Finally, the pressure-sensitive adhesive layer formed on the release liner or the support and the support or the rivastigmine-containing layer formed on the support are laminated to face each other and cut, whereby the pressure-sensitive adhesive layer containing the acrylic pressure-sensitive adhesive and rivastigmine A percutaneous absorption preparation having two layers of the containing layer is prepared.

In the transdermally absorbable preparation of the present invention, the rivastigmine-containing layer or the rivastigmine-containing pressure-sensitive adhesive layer is heated and kneaded (stirred) used in the production of ordinary transdermally absorbable preparations from the viewpoint of the stability of rivastigmine, which is an active ingredient. ) The so-called “ointment”, which is operated by suppressing the heating as much as possible in the mixing and drying process, not by the calendering method or hot melt method including the process, or the melt coating method including the heating and drying process after coating. Preferably, it is formed by a “coating method”.
In this specification, the “ointment coating method” means that a layer is formed at a low temperature, for example, at a temperature of 1 ° C. or more and less than 60 ° C., preferably 20 ° C. to 34 ° C., more preferably 26 ° C. to 34 ° C. In other words, in the present invention, the rivastigmine-containing layer or the rivastigmine-containing pressure-sensitive adhesive layer is formed by coating or laminating by lamination under the above temperature conditions. In addition, since it can be applied at a lower temperature, the (meth) acrylic acid alkyl ester copolymer having a weight average molecular weight of 300,000 or less as the (meth) acrylic acid alkyl ester resin contained in the rivastigmine-containing layer or the rivastigmine-containing pressure-sensitive adhesive layer. Coalescence is preferred.

  In the transdermally absorbable preparation of the present invention, the pressure-sensitive adhesive layer forming step is carried out by any conventional method for forming a pressure-sensitive adhesive layer, for example, a spread coating method, an emulsion method, a hot melt method, an electron beam curing method or the like. can do. That is, the pressure-sensitive adhesive layer forming step includes a step of kneading, stirring, curing, and drying a pressure-sensitive adhesive at a high temperature (for example, 60 ° C. to 180 ° C.) to form a pressure-sensitive adhesive layer on a support or a release liner. Point to.

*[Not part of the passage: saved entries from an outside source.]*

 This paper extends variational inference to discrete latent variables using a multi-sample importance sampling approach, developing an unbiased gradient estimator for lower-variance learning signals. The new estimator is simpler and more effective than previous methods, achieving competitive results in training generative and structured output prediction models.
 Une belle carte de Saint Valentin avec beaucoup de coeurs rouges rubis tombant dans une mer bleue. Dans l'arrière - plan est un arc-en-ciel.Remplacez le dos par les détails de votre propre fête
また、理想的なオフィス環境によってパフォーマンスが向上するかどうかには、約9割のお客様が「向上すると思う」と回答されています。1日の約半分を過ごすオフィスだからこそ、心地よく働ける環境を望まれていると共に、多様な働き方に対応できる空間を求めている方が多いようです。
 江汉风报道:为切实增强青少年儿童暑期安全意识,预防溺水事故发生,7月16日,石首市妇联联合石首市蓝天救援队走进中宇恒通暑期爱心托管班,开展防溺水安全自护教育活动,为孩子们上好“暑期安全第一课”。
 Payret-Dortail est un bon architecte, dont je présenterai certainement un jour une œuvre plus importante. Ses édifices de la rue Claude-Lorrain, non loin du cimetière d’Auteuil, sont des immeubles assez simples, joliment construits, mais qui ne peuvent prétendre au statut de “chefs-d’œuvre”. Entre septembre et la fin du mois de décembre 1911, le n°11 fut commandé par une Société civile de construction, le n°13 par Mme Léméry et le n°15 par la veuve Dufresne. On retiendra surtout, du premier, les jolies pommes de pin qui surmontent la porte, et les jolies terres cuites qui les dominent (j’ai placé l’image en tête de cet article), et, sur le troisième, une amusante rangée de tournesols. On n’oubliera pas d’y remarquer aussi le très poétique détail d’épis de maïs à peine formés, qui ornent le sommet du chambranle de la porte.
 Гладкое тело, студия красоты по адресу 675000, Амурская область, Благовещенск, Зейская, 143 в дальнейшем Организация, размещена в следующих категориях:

In the case where the plaster layer in the transdermal absorption preparation is composed of (1) two layers, a cooling step of allowing the adhesive layer to cool or forcibly cool after the pressure-sensitive adhesive layer formation step and before the percutaneous absorption preparation formation step Is preferably further included. In other words, immediately after the pressure-sensitive adhesive layer is formed, it is preferable not to perform the percutaneous absorption preparation forming step in which it is brought into contact with the rivastigmine-containing layer as it is, but to carry out the percutaneous absorption preparation forming step after cooling the pressure-sensitive adhesive layer.

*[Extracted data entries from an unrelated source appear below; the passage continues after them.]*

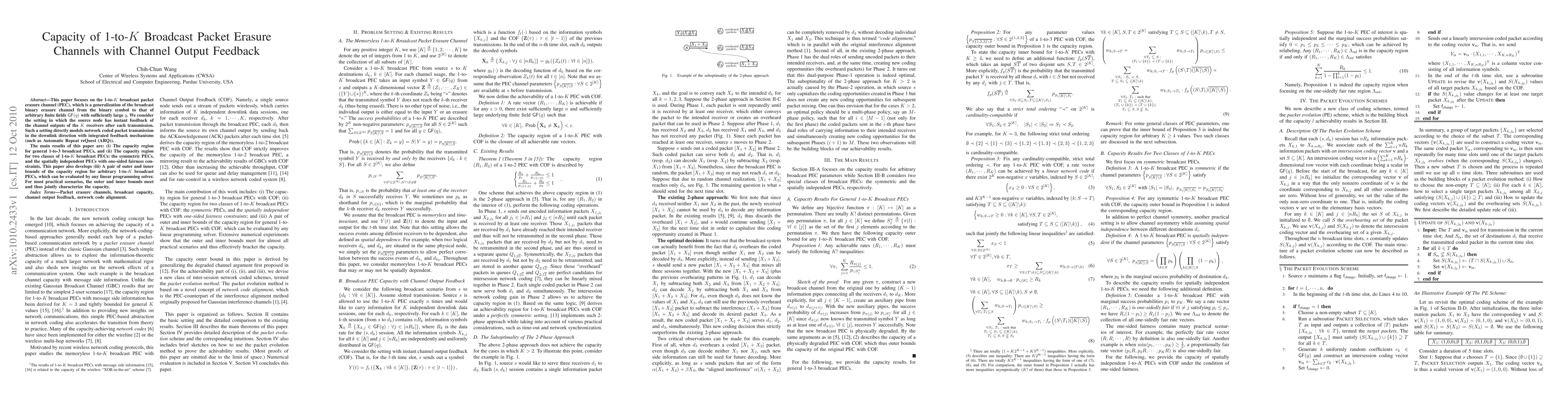 This paper explores the capacity region for 1-to-K broadcast packet erasure channels with channel output feedback, providing results for general 1-to-3 channels and specific symmetric and spatially independent cases. It also develops linear programming bounds that characterize the capacity region for arbitrary 1-to-K scenarios.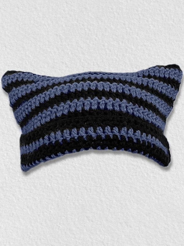 Handgefertigte gestreifte Strickmütze mit Horndetail
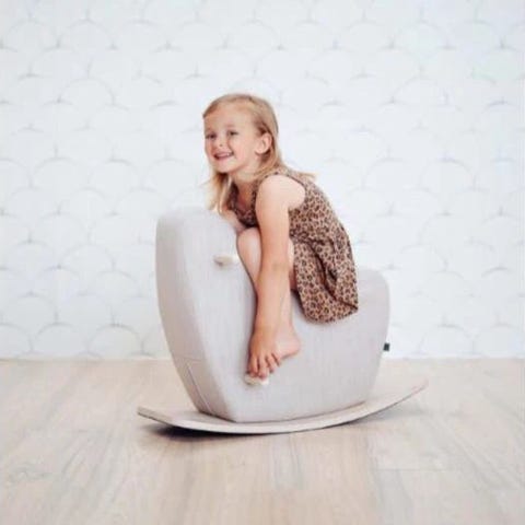 Hvem siger at en gyngehest skal ligne en rigtig hest en til en? Ikke Ooh Noo, der har designet en smuk, enkel og stilren variant af den ellers klassiske gyngehest. Bunden består af en træplade, der gør den meget stabil og "vælte-sikker". Selve hesten er lavet i skum med metalskelet. Skummet er herefter betrukket med hør, så den er rar at røre ved og sidde på. Håndtag og fodstøtter er i træ ligesom bunden af gyngehesten. Gyngehesten har vundet den eftertragtede reddot award. Her er den i en mint variant, der passer til et mindre barn på mellem halvanden og fire år og med en vægt på op til 40 kilo.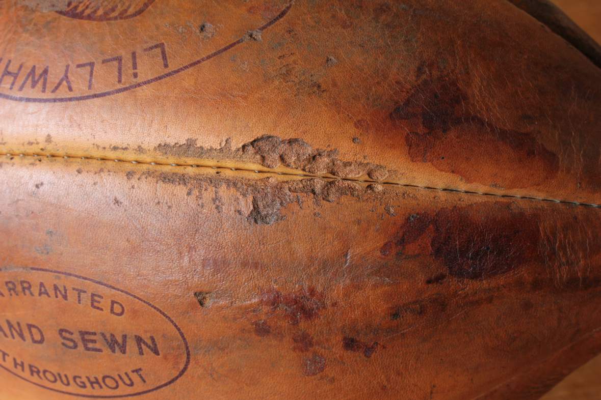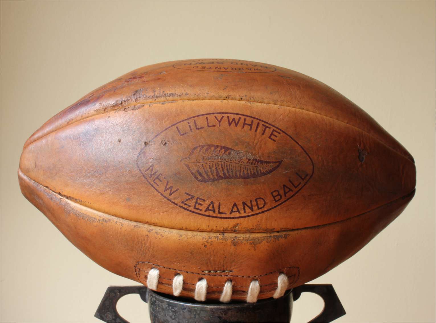This original vintage Rugby ball which dates from c1950 has 4 hand sewn leather panels and is marked Lillywhite New Zealand Ball. Warranted Hand Sewn Throughout.

This is because the pressure-sensitive adhesive layer forming step is carried out at a high temperature, the pressure-sensitive adhesive layer immediately after the pressure-sensitive adhesive layer formation has a very high temperature, and if this is directly contacted with the rivastigmine-containing layer, This is because the rivastigmine-containing layer is heated to increase the temperature of the layer, which may affect the stability of rivastigmine.

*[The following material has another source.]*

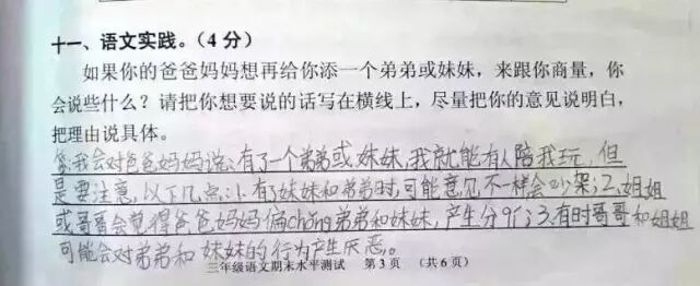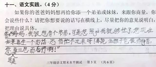 “爸妈生二胎,老大啥感受?”广州天河区三年级语文考试题与时俱进地考起了二胎政策。三年级小学生的答案让人笑趴了,求爸爸妈妈看到卷子之后的心理阴影面积!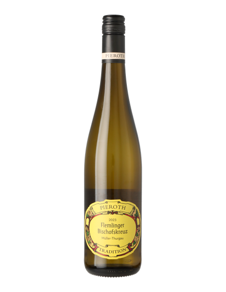 The 2023 Flemlinger Bischofskreuz is a stellar example of a dry white wine hailing from the sun-kissed vineyards of Pfalz, Germany. Crafted from the Müller-Thurgau grape, a cross between Riesling and Madeleine Royale, this variety is known for its early ripening and ability to produce wines with floral aromas and a refreshing, approachable character.

Therefore, it is preferable that the rivastigmine-containing layer forming step and the pressure-sensitive adhesive layer forming step are not performed in an integrated system, that is, these steps do not proceed simultaneously but are performed separately (non-integrated system).

An example of a specific procedure of the non-integrated system is shown below.
First, when the pressure-sensitive adhesive layer forming step is carried out by, for example, a spread coating method, the pressure-sensitive adhesive is diluted with a solvent such as toluene, hexane, ethyl acetate, ethanol, and spread on a support or a release liner. The solvent is evaporated under (for example, 120 ° C.) to form an adhesive layer on the support or release liner. A plurality of layers including a pressure-sensitive adhesive layer and a support or pressure-sensitive adhesive layer and a release liner obtained by this production are defined as a bulk tape. As will be described later, this bulk tape is assumed to be left for a certain period of time to reduce the temperature, and the pressure-sensitive adhesive layer provided on the support or release liner is used to prevent drying and contamination of the pressure-sensitive adhesive layer. Furthermore, a release sheet that will be peeled off during the percutaneous absorption preparation forming step may be laminated. Examples of the release sheet include the materials described in the above release liner.
After producing the bulk tape, a cooling step for cooling the bulk tape and lowering its temperature is provided after the pressure-sensitive adhesive layer forming step, and the temperature of the bulk tape is lowered to about room temperature. The temperature control (cooling) means used in the cooling step includes a method in which a low-temperature water-cooled roll is brought into contact with the bulk tape, a method in which low-temperature air is applied to the bulk tape, or the bulk tape is wound into a roll. Then, a method of leaving at room temperature for a certain time (cooling) is exemplified. Moreover, you may include the ageing | curing | ripening process which passes through a maturing period by fixed conditions (40 to 50 degreeC, 1 day-2 weeks) before and behind a cooling process. By passing through an aging process, the cohesiveness of a bulk tape can be improved and stability of adhesive force can be aimed at.
The temperature is lowered to about room temperature as described above, and if possible, the bulk tape is allowed to stand at room temperature for several days. If possible, the temperature is low (preferably 20 ° C. to 34 ° C., more preferably 26 ° C. to 34 ° C. The rivastigmine-containing layer formation step and the percutaneous absorption preparation formation step are carried out in another working environment with air conditioning equipment that can be set to). In the percutaneous absorption preparation forming step, the temperature of the bulk tape is adjusted to, for example, 10 ° C. to 40 ° C., preferably 20 ° C. to 34 ° C., more preferably 26 ° C. to 34 ° C., using the temperature control means described above. May be. The temperature of each process can be confirmed by a method such as a contact-type thermometer, a non-contact-type room temperature meter, or an infrared thermosensor.
Thus, by adjusting the temperature of the bulk tape and the temperature of the rivastigmine-containing layer forming step and the transdermal absorption preparation forming step, the bulk tape and the rivastigmine-containing layer are laminated quickly, and the two layers are easily integrated. Become. However, when laminating at room temperature or lower (less than 20 ° C), there is a possibility that these two layers may cause interlayer separation when the manufactured transdermal absorption preparation is applied to the skin, and the adhesive layer tends to remain on the skin side. Be careful because there is concern about becoming.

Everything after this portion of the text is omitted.